=== Activity ===
Line by line, return the listing exactly, without any of the images.

=== Collected data ===
----

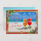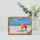 Duas bebidas na areia, Natal tropical ou Anos novos saudando cartão postal com texto personalizado de ambos os lados. Dois coquetéis gelados, decorados com estrelas-do-mar e sagrados, sentam-se sobre areia lisa na borda de um mar tropical. Adicione sua mensagem / saudação em fontes de sombra vermelha - este design é perfeito para enviar de um casal. A imagem e o texto são bordados por uma estrutura de corda com nós decorada com estrelas-do-mar. Digite endereços individuais na parte traseira para enviar e-mails ou exclua esse texto de amostra para solicitar o vazio. Temos este design em versões dobradas e achatadas também.
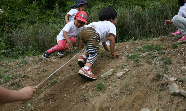 ☆ 外遊びや散歩、山歩きをたくさん取り入れ、自然に働きかけて遊ぶ。
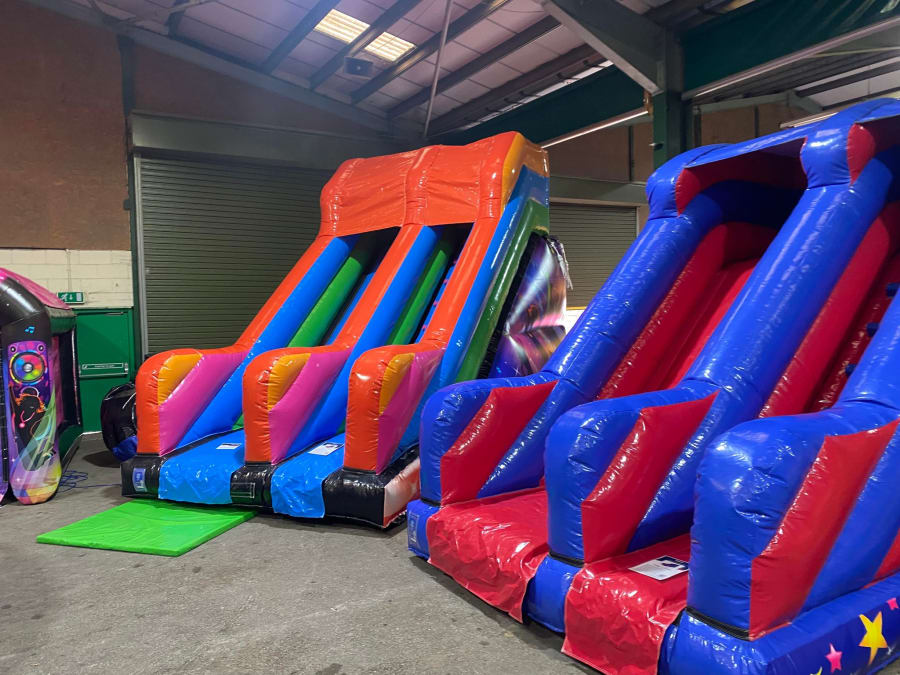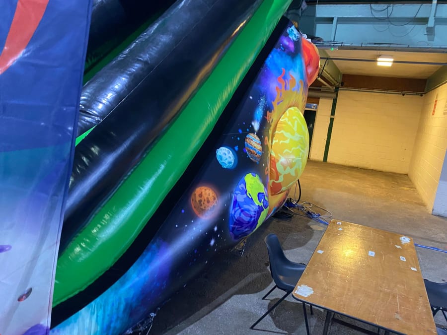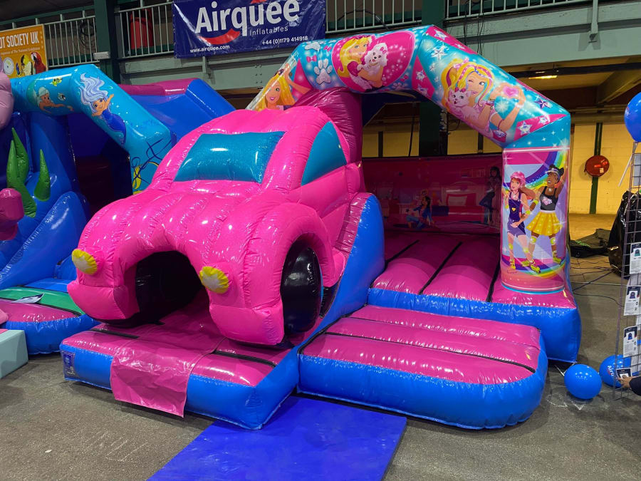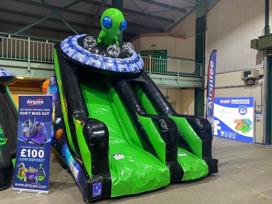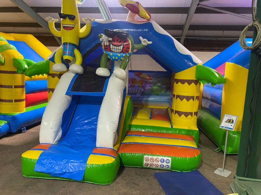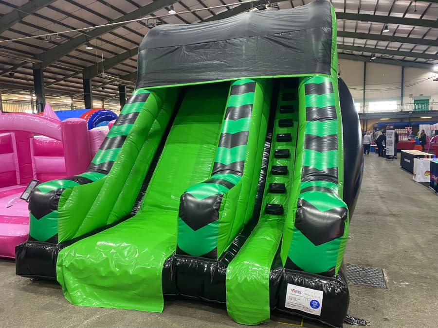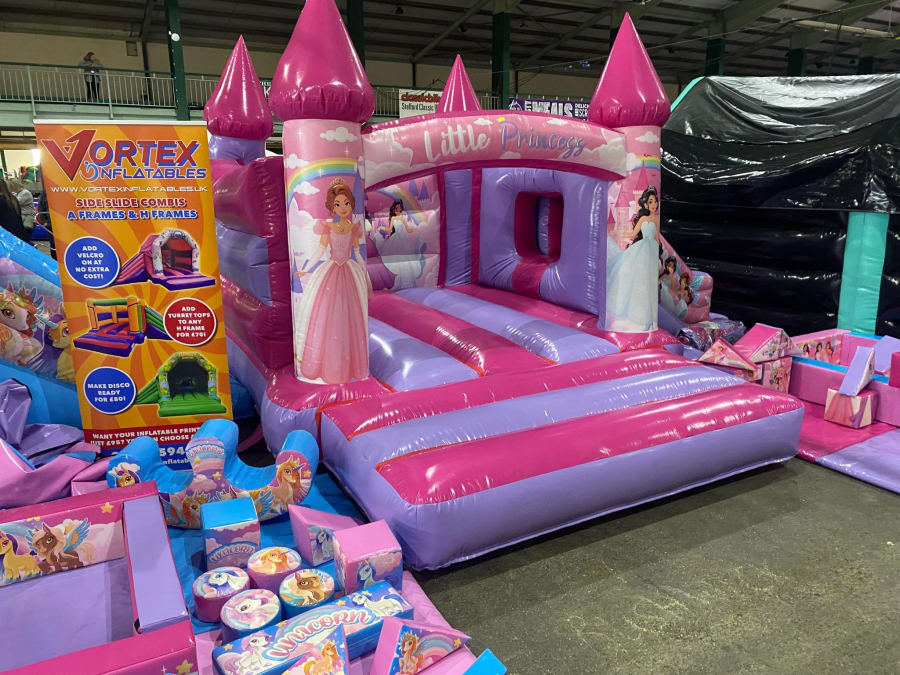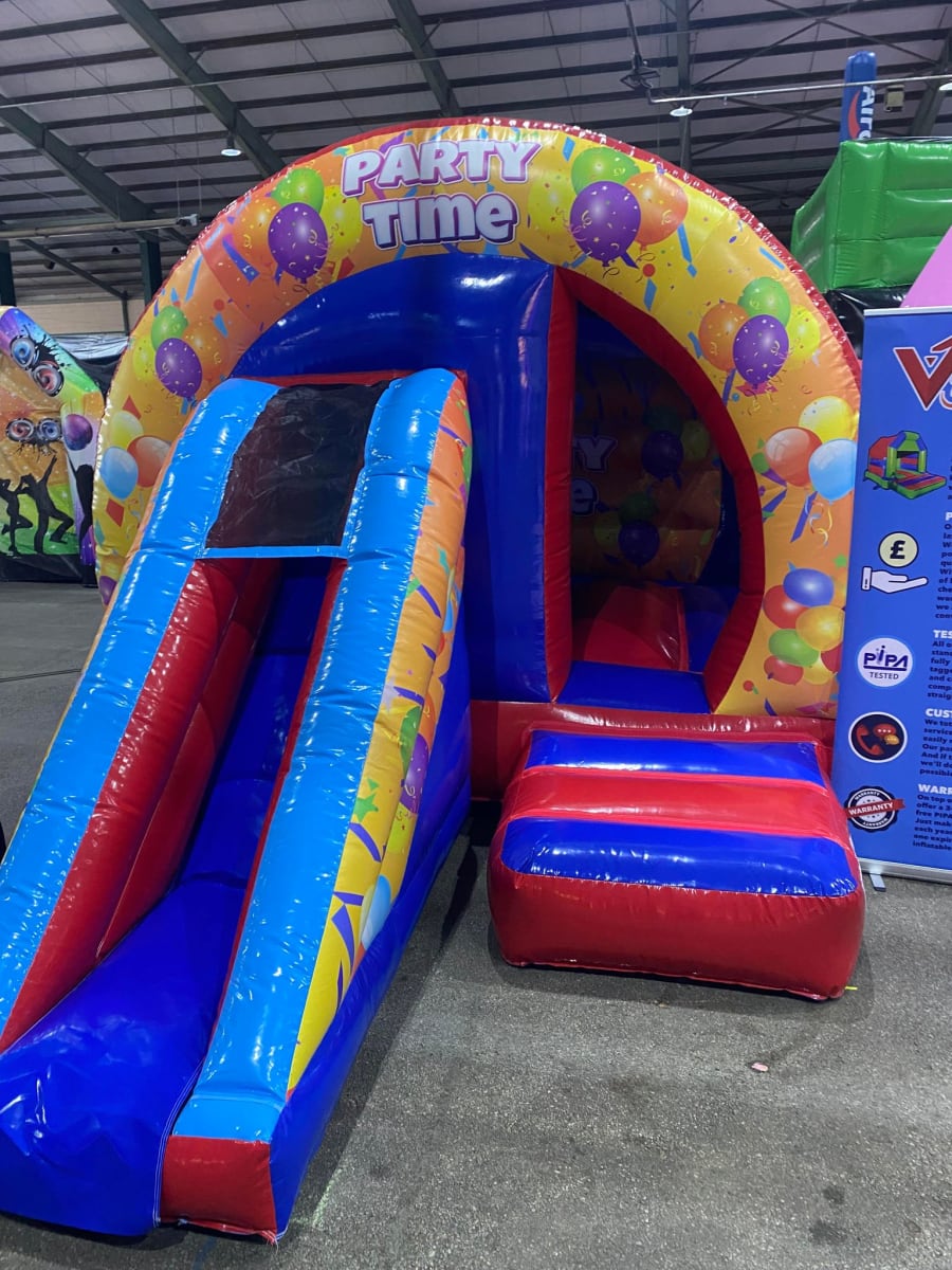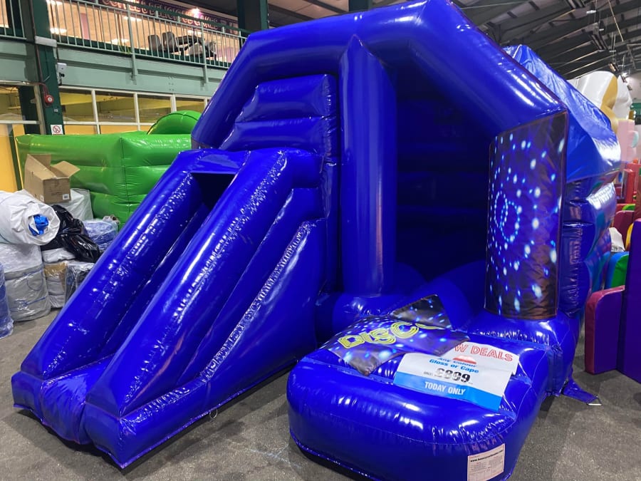 There was a front slide bouncy castle, a good size that compared to any other on the market. It was disco ready with light and speaker pouch. It had a fitted rain cover and the material used is better than I have ever seen them use previously. It had velcro strips on the front and came with a set of artwork, too. It had seatbelt webbing, come in either cape material or even gloss at no extra cost and was all sewn on a twin needle machine. There was no pinch points, no unnecessary stress areas, it was straight and had no twists. This was on offer for £900 - Which is quite unbelievable. No one else is offering prices quite like that.

----

=== Solution to this exercise ===
 Duas bebidas na areia, Natal tropical ou Anos novos saudando cartão postal com texto personalizado de ambos os lados. Dois coquetéis gelados, decorados com estrelas-do-mar e sagrados, sentam-se sobre areia lisa na borda de um mar tropical. Adicione sua mensagem / saudação em fontes de sombra vermelha - este design é perfeito para enviar de um casal. A imagem e o texto são bordados por uma estrutura de corda com nós decorada com estrelas-do-mar. Digite endereços individuais na parte traseira para enviar e-mails ou exclua esse texto de amostra para solicitar o vazio. Temos este design em versões dobradas e achatadas também.
 ☆ 外遊びや散歩、山歩きをたくさん取り入れ、自然に働きかけて遊ぶ。
 There was a front slide bouncy castle, a good size that compared to any other on the market. It was disco ready with light and speaker pouch. It had a fitted rain cover and the material used is better than I have ever seen them use previously. It had velcro strips on the front and came with a set of artwork, too. It had seatbelt webbing, come in either cape material or even gloss at no extra cost and was all sewn on a twin needle machine. There was no pinch points, no unnecessary stress areas, it was straight and had no twists. This was on offer for £900 - Which is quite unbelievable. No one else is offering prices quite like that.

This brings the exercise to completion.